Input for this task START

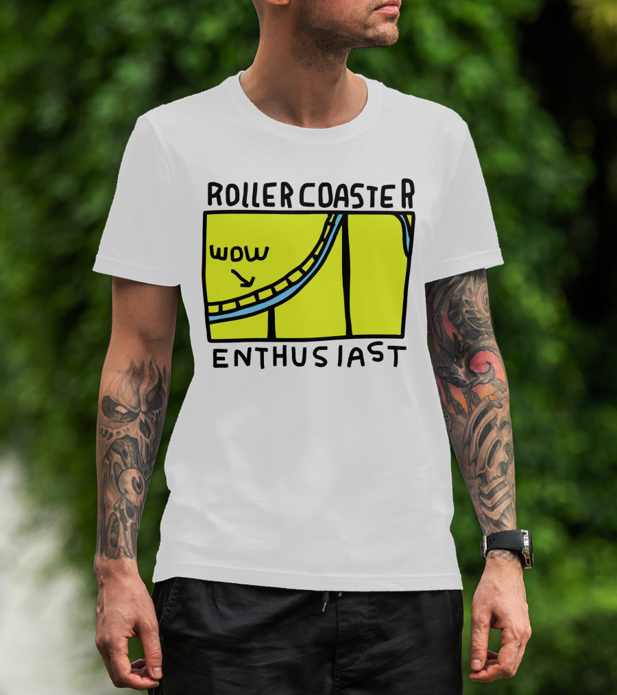 The Roller Coaster Enthusiast Wow T-shirt is designed for everyday wear and a consistent fit. Fabric is pre-shrunk ring-spun cotton with durable stitching. See the size chart below for exact measurements.
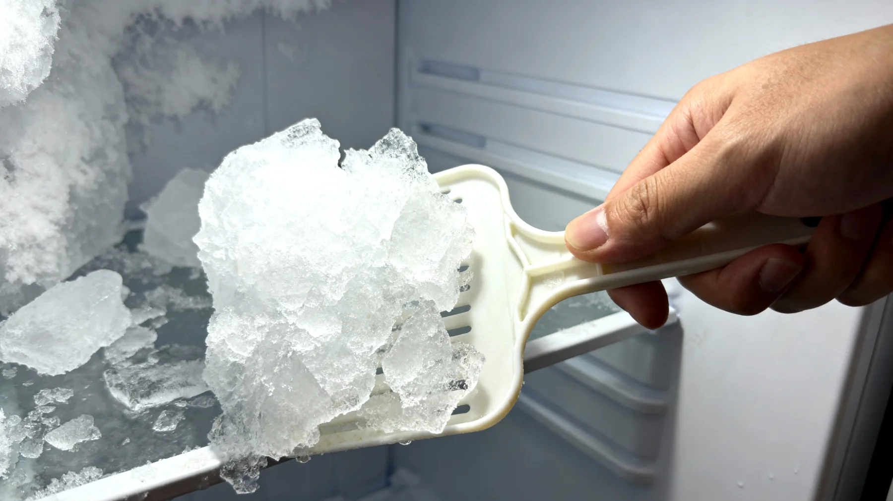 A questo punto molti commettono un errore classico: afferrare un coltello o un oggetto appuntito per staccare i blocchi di ghiaccio più spessi. È una pratica fortemente sconsigliata da tutti i produttori. Anche un piccolo foro nella serpentina del circuito refrigerante può causare la fuoriuscita del gas refrigerante e rendere l’apparecchio completamente inutilizzabile.
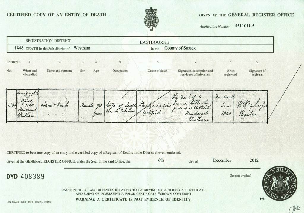 Death Certificate for Jane Dunk, 28 Apr 1848 at Westham, Sussex.
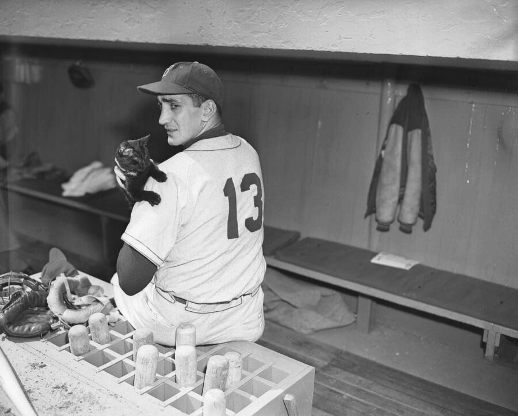 Brooklyn Dodgers pitcher Ralph Branca holding his lucky black cat in the dugout on Friday the 13th, before beating the Yankees 7-6. Ebbets Field, April 13, 1951. [1688×1356]
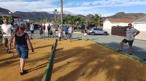 Unser Valentinsturnier 2025 auf Camping Las Torres. Vom 7.2.2025 bis 8.2.2025 spielten wird ein Supermelee mit 32 Teilnehmern und 6 Runden. Gewonnen hat Bert, unser ältester Spieler, 2. Platz ging an Peter und der 3. Platz an Kitty.
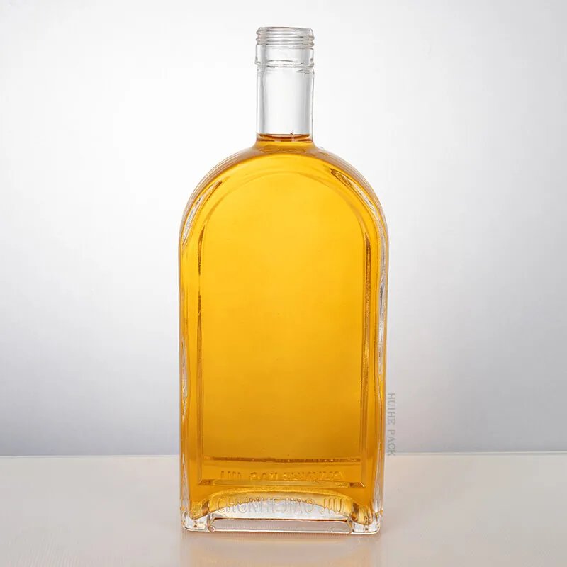 Our glass liquor bottles showcase a unique and sophisticated design. The body of the bottle features a rectangular base with gently curved top edges, creating an arch - like silhouette that stands out on the shelf. The smooth, transparent glass surface enhances the visual appeal, allowing the rich color of the liquor inside to be clearly visible.

Input for this task END

What to do: Verbatim output of the entries is required, with each image left out.

Expected answer:
 The Roller Coaster Enthusiast Wow T-shirt is designed for everyday wear and a consistent fit. Fabric is pre-shrunk ring-spun cotton with durable stitching. See the size chart below for exact measurements.
 A questo punto molti commettono un errore classico: afferrare un coltello o un oggetto appuntito per staccare i blocchi di ghiaccio più spessi. È una pratica fortemente sconsigliata da tutti i produttori. Anche un piccolo foro nella serpentina del circuito refrigerante può causare la fuoriuscita del gas refrigerante e rendere l’apparecchio completamente inutilizzabile.
 Death Certificate for Jane Dunk, 28 Apr 1848 at Westham, Sussex.
 Brooklyn Dodgers pitcher Ralph Branca holding his lucky black cat in the dugout on Friday the 13th, before beating the Yankees 7-6. Ebbets Field, April 13, 1951. [1688×1356]
 Unser Valentinsturnier 2025 auf Camping Las Torres. Vom 7.2.2025 bis 8.2.2025 spielten wird ein Supermelee mit 32 Teilnehmern und 6 Runden. Gewonnen hat Bert, unser ältester Spieler, 2. Platz ging an Peter und der 3. Platz an Kitty.
 Our glass liquor bottles showcase a unique and sophisticated design. The body of the bottle features a rectangular base with gently curved top edges, creating an arch - like silhouette that stands out on the shelf. The smooth, transparent glass surface enhances the visual appeal, allowing the rich color of the liquor inside to be clearly visible.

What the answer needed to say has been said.